This formulaic post is just sad. It's almost as bad as reading Oleg's posts on
LinkedIN. I hired a FELON!

------
tanseydavid
Asks for advice from a "leader" (recommended by another trusted individual) --
then gets very upset when leader gives the advice requested.

This is very confusing to me. Why ask in the first place?

------
Accujack
Well, I can tell this was written by a young person and someone in California.
Nothing wrong with that, it's just that she has a lot of expectations that are
going to be really hard for any company to meet.

It's awesome if you happen to get hired by a great company that walks the
walk, but for the most part the things students/graduates get sold on as
"normal" for white collar employment don't happen, or only happen in certain
circumstances in a limited way. Examples:

>Flag 1: I did not have a thorough understanding of the role, and I don’t
think management did either.

Not even unusual. Sometimes all a company knows (especially a small company)
is that they need something done and need a person to do it. These are
actually great opportunities if you know the work... it's a chance to write
your own ticket. If you expect everything to be laid out for you when you're
hired, you're not going to grow much or get paid the way you want.

>Flag 4: Push your manager to provide a clear description and/or breakdown of
your role.
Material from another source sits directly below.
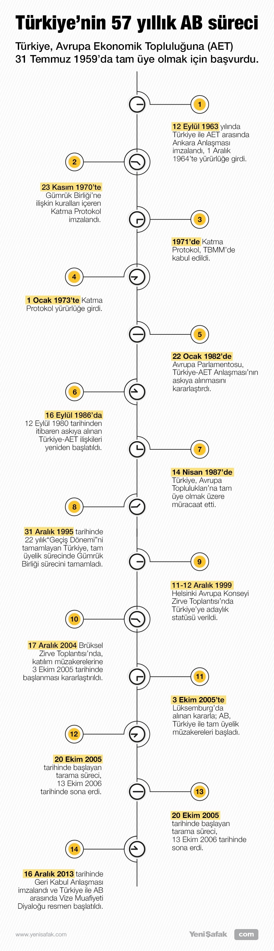 Avrupa Parlamentosu, bugün Türkiye ile yapılan müzakerelerin durdururup durdurulmamasını oyluyor. Birçok Avrupalı liderin "Kaybımız olur" görüşünü savunduğu müzakereler için AP'deki 2 büyük grup "Müzakereler dondurulsun" dedi. Parlamento'da yapılan oylama, Avrupa Birliği'nin Türkiye'ye karşı 57 yıldır gösterdiği ikircikli tavrı akıllara getirdi. 1959'da başlayan ilişkiler, 'sonu gelmeyen müzakereler' halinde devam ederken, AB son olarak verdiği 'vize muafiyeti' sözünü de tutmadı.

You should know what you own, what your day to day or week to week
looks like, and how with your position you will add value to the team that
ideally aligns with a larger team goal or mission.
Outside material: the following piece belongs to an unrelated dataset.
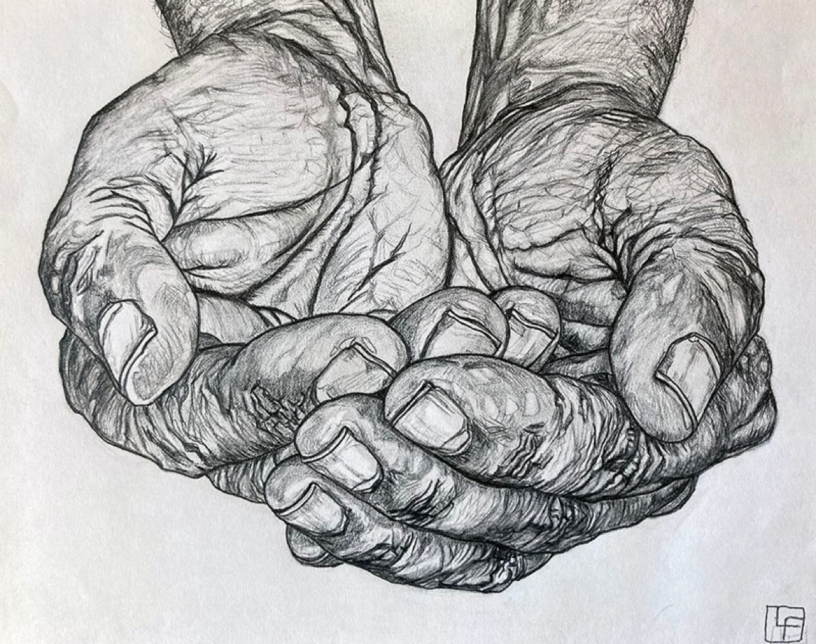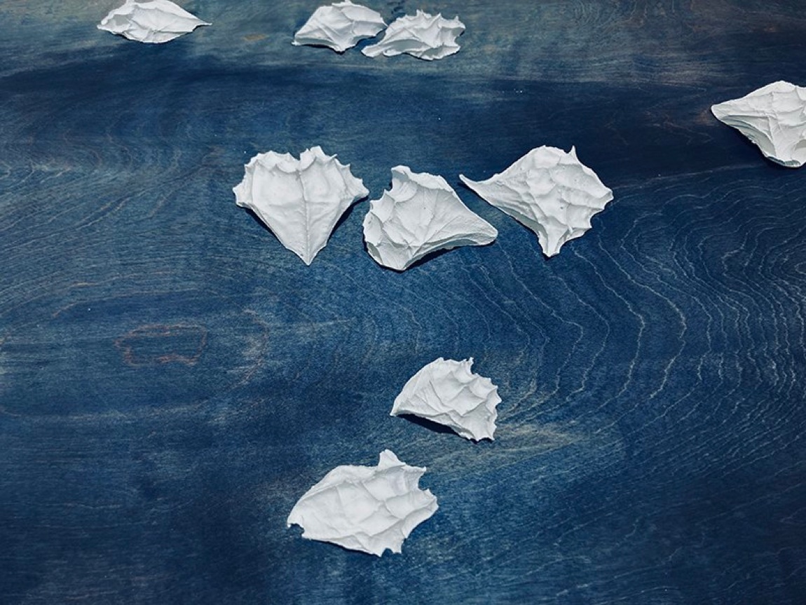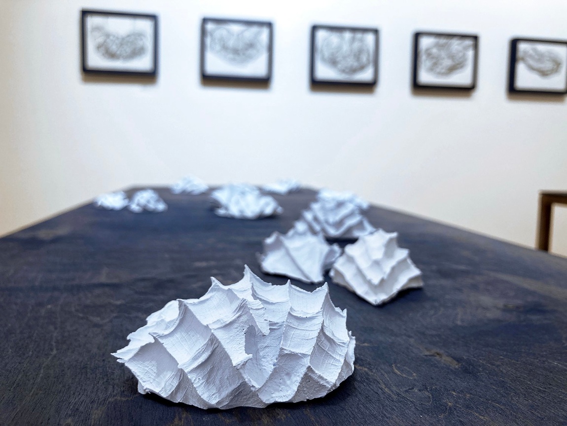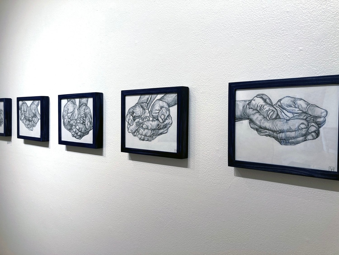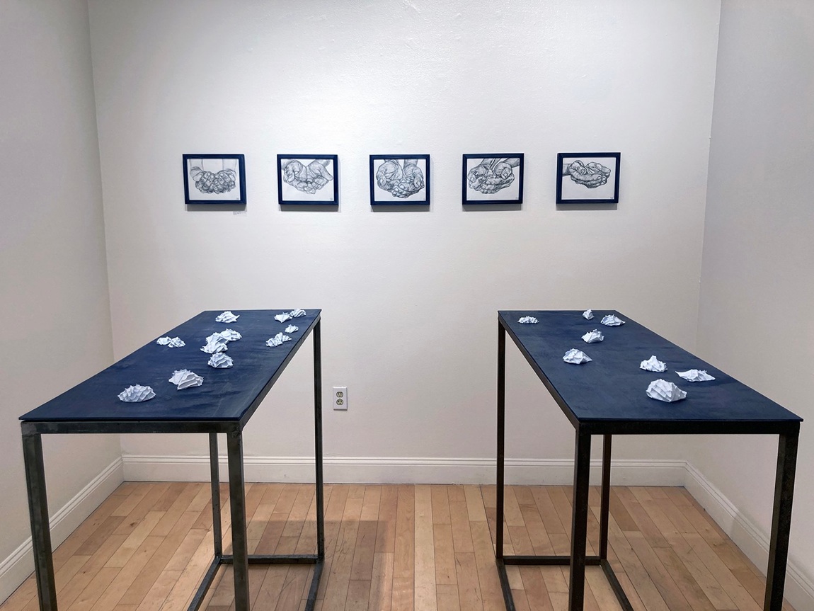 “Crevasses and Crevices”, Installation, Charcoal Drawings and Casts of the negative space of cupped hands on stained birch plywood, Dimensions Variable, 2021

Wow. I think in my whole career I've had only 1-2 managers who could tell you
in full how my role "aligns with a larger team goal or mission". Most of the
time it's just "Our business runs on computers, and you know how they work".
It's great if you have a visionary boss, but most people don't. If when you're
hired your manager can tell you exactly what you're going to be doing and what
success looks like, you've gotten an easy job... that again won't pay as much
as you want nor help you to grow.

Uncertainty is normal.

>Flag 5: I didn’t have an ally or sponsor in the workplace. This stemmed from
me not feeling like there was someone that I could reach out to, and not
feeling comfortable in the work environment.

Most workplaces you don't have someone to hold your hand except maybe your
boss or (if you're an intern or trainee) your mentor. That's not a _normal_
thing to have, your employer is running a business, not an adult daycare. If
you want support, join a women in business org or a fraternal organization.

>Flag 6:A good manager will work with you to identify your strengths, and
provide you work opportunities to learn the skills that will allow you to
advance in your career, and help you take it in the direction you want.

...and the other 90% of managers are doing well if they get all the work done
on time and under budget and don't accidentally murder or grope their
employees.

I'm sure the business environment is different in Cali, especially in the
valley, but the author's expectations are rather high here.

------
JPLeRouzic
There is something beautiful in this story. Please read it.

------
edsammy
Always cool to hear these stories! Thanks for sharing :D